Following the Senate Economics Legislation Committee public hearings and report into the bill, Labor still has significant concerns with the legislation. These are mainly about the implementation design, the lack of consultation by the government and Treasury, the low compliance rate and the lack of a regulatory impact statement. The change to these GST arrangements was announced in the 2016 budget and slated to commence on 1 July 2017. Hearings by the Senate inquiry into the bill unearthed significant concerns amongst stakeholders that a commencement date of 1 July would not enable enough time for preparation. Even if this was the best bill in the history of the parliament being planned for commencement from 1 July, why are we here talking about it on 12 June? There are only a few days until this kicks off. The government is allowing no time for businesses to adjust and to allow the systems to be put in place to see this rather significant change implemented. In fact, the government-dominated Senate Economics Legislation Committee also recommended the bill's implementation date be delayed by one year—I stress, that is the government-dominated Senate Economics Legislation Committee.

So who is there left to convince that the commencement has to be pushed back? If this extra year were agreed to by the government, it would allow the government to better engage with stakeholders to address concerns raised specifically about implementation and other matters of concern with this piece of legislation. While the government often chooses to lecture us about bipartisanship, here is an example of where the Labor Party has offered bipartisan support, agreed to the principle of the legislation and asked for greater consultation about the implementation of this significant change. It looks as though this olive branch has been rejected by the government and the Treasurer, who have both managed to completely bungle the implementation of the GST threshold changes.

This brings me to the next area of policy change, and that is enforcement. In short, in the Senate committee inquiry, eBay claimed that Treasury officials had told them they expected a 25 to 30 per cent compliance rate from the model set out in this legislation. Treasury officials later stated that they expected this compliance rate in the third year of operation and for it to reach maturity in 2022-23 at 54 per cent. I am not familiar with the modelling. However, how can this bill in its current form purport to level the playing field while only having a 54 per cent compliance rate target? The Senate inquiry made it clear that overseas jurisdictions—for example, the United States and China—will not enforce the measure on the tax office's behalf. So compliance with these measures will largely be reliant on the goodwill of overseas operators. Clearly, that is not good enough.

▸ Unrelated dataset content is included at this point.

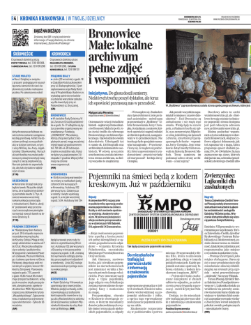 B4 | KRONIKA KRAKOWSKA | W TWOJEJ DZIELNICY BĄDŹ NA BIEŻĄCO Bronowice Małe: lokalne archiwum pełne zdjęć i wspomnień Zeskanuj kod QR i czytaj codziennie informacje z Twojej dzielnicy na stronie internetowej „Dziennika Polskiego” ŚRÓDMIEŚCIE KROWODRZA O sprawach dzielnicy piszą: PIOTR TYMCZAK, tel. 12 61 99 308, i AGNIESZKA MAJ, tel. 12 61 99 206 O sprawach dzielnicy pisze: MAŁGORZATA MROWIEC, tel. 12 61 99 208, i SYLWIA NOWOSIŃSKA, tel. 12 61 99 131 STARE MIASTO A Na ul. Gołębiej w związku z pracami polegającymi na podłączaniu kamienic do sieci ciepłowniczej została rozkopana jezdnia. Po zakończeniu robót POLUB NAS NA FACEBOOKU WWW.FACEBOOK.COM/DZIENNIKPOLSKI DZIENNIKPOLSKI24.PL PONIEDZIAŁEK, 22 WRZEŚNIA 2014 DZIENNIK POLSKI PRĄDNIK BIAŁY A Jutro (23 września ) o godz. 18 w Zajeździe Kościuszkowskim przy ul. Białoprądnickiej 3 jest zaplanowana sesja Rady Dzielnicy IV Prądnik Biały. Radni m.in. wydadzą opinie do wniosków o ustalenie warunków zabudowy dla inwestycji przy ul. Pękowickiej i ul. Gryczanej. Inicjatywa.Do głosu doszli seniorzy. Niektórych trochę peszył dyktafon, ale teraz ich opowieści przenoszą nas w przeszłość. W „Rydlówce” zaprezentowana została strona społecznego archiwum, które jest dotychczasowa asfaltowa nawierzchnia zostanie zastąpiona kostką granitową. Asfalt ma docelowo zniknąć ze wszystkich ulic w ścisłym centrum, w tym z ulicy Wiślnej, św. Anny, Jagiellońskiej i Sławkowskiej. Na tych ulicach kostka ma zostać położona przy okazji inwestycji związanych z siecią ciepłowniczą. Na razie jednak nie zapowiada się, aby tak się stało w najbliższym czasie. (TYM) GRZEGÓRZKI A Na terenie Grzegórzek przybędzie ławek. Wszystko dzięki temu, że w budżecie tej dzielnicy pozostała kwota 3,7 tys. zł, zarezerwowana wcześniej na komunikację samorządu z mieszkańcami. Radni z „dwójki” postanowili więc przeznaczyć zaoszczędzone pieniądze na montaż nowych ławek na terenie Dzielnicy II. (AM) [email protected] Osiemnaście relacji świadków historii–najstarszychmieszkańców Bronowic Małych (po 65. roku życia) trafiło do cyfrowego Bronowickiego Archiwum Społecznego. Opowiedzieli o swoim dzieciństwie. Udostępnili też w sumie ok. 150 fotografii oraz archiwalnych dokumentów osobistych. W sobotę uroczyście uruchomiona została internetowa strona archiwum, na której wszystko to znajdziemy. –Wzruszyłem się. Znalazłem sięwtymarchiwumiznówpolatach zaistniałem – mówił nam poprezentacji w „Rydlówce” 72letni bronowianin Jerzy Ciempka.Jestjednymzseniorów,których opowieści nagrali młodzi archiwiści społeczni, zaangażowani w to przedsięwzięcie. Nie trzeba go było specjalnie namawiać na nagranie. – Przeciwnie. Cieszę się, że mogłem się podzielić z kimś wspomnieniami i wiadomościami – przecież nie będę ich marynował! – kwituje Jerzy Ciempka. Jak przede wszystkim zapamiętał to miejsce z czasów dzieciństwa? – Dziś Bronowice są zabudowane i nie mają tego smaku. Wtedy były tu szczere pola, w Rudawie łowiło się rybki, a po zamarzniętej Młynówce zimą jeździliśmy na łyżwach z drewna, sznurkiem przywiązywanych do butów – wspomina Jerzy Ciempka. Jego wnukowie dotąd niezbyt interesowali się historią Bronowic Małych. Teraz zamierza im podsunąć adres strony archiwum – a nuż zajrzą? Docelowy adres to: archi wumbronowickie.pl, ale chwilowo (trwają ostatnie techniczne poprawki) strona dostępna jest pod roboczym adresem new.archiwumbronowickie.pl. Można posłuchać wspomnień o życiu codziennym wdawnych Bronowicach, obejrzeć cyfrowe zdjęcia i dokumenty, jak też zapoznać się z mapą, która proponuje spacer śladami pamięci 70-, 80- i 90-latków. Są tam zaznaczone np. stawy, których dziśjużniema,ochronka(przedszkole), doktórego chodzili albo (MM) KROWODRZA A Od dzis zostaną wprowadzone zmiany w rozkładach jazdy czterech linii kursujących w Krowodrzy. Autobusy 102 pierwszy kurs z Zakamycza w soboty i święta wykonają o godz. 5, a nie jak wcześniej o godz. 5.04. Autobusy linii 134 FOT. ADAM WOJNAR (TYM) PRĄDNIK CZERWONY A Młodzieżowy Dom Kultury przy al. 29 Listopada zaprasza na autokarową wycieczkę do Krynicy-Zdroju. Mogą w niej wziąć udział dzieci w wieku od 7 do 12 lat. Wycieczka odbędzie się w sobotę 4 października. W programie: zwiedzanie Muzeum Zabawek, Muzeum Nikifora, gry i zabawy sportowe na Górze Parkowej, degustacja wód mineralnych w pijalni, koncert Orkiestry Zdrojowej. Planowany wyjazd o godz. 7.15, powrót o godz. 19.30. Koszt 65 zł obejmuje przejazd autokarem, wstępy do muzeów, ciepły poczęstunek, ubezpieczenie, opiekę instruktorów z MDK. Wycieczka rozpoczyna zdobywanie tytułu „Wszędobylskiego”. Zgłoszenia wraz z wpłatami przyjmowane są w sekretariacie – tylko do 26 września. Małgorzata Mrowiec BRONOWICE A W siedzibie Rady Dzielnicy VI (ul. Zarzecze 124 a) 6 października w godz. 14–17 odbędzie się dyżur prawnika organizowany we współpracy z Fundacją „COGNOSCO”. Mieszkańcy, którzą chcą skorzystać z bezpłatnych porad, mogą wcześniej rejestrować się pod numerem tel. 791-90-44-20 lub bezpośrednio w siedzibie rady. Kolejne dyżury są zaplanowane 3 listopada i 1 grudnia. Więcej informacji na stronie www.cognosco.pl. będą kursować przez cały tydzień z częstotliwością 30 minut. Autobusy 152 pierwszy kurs z Olszanicy w dni powszednie rozpoczną o godz. 5.28, zostaną też wyrównane odstępy pomiędzy poszczególnymi odjazdami w weekendy. Linia 352 zostaje zawieszona do przyszłego sezonu wakacyjnego. (MST) KROWODRZA A Radni Dzielnicy V Krowodrza upominają się o rowerzystów. Właśnie podjęli uchwałę, w której wnioskują o przedłużenie kontrapasa dla rowerów w ciągu ulicy Racławickiej na odcinku od skrzyżowania z parkiem Młynówka Królewska do ulicy Kazimierza Wielkiego. (MM) Pojemniki na śmieci będą z kodem kreskowy

I now want to go to the final area of this legislation that the government has managed to bungle. As everyone is aware, the Treasurer likes to talk about reducing the impact of red tape. Yet in this case he has failed to produce a regulation impact statement. I remember that in the 44th Parliament we had those grand occasions called the red tape repeal days. That was the member for Warringah's great achievement and great gift to the nation! We had a conga line of backbenchers lining up to talk about the red tape they were reducing. Sadly, this Treasurer is cancelling the red tape reduction parties. Instead, he has chosen not even to consider the impacts of this legislation.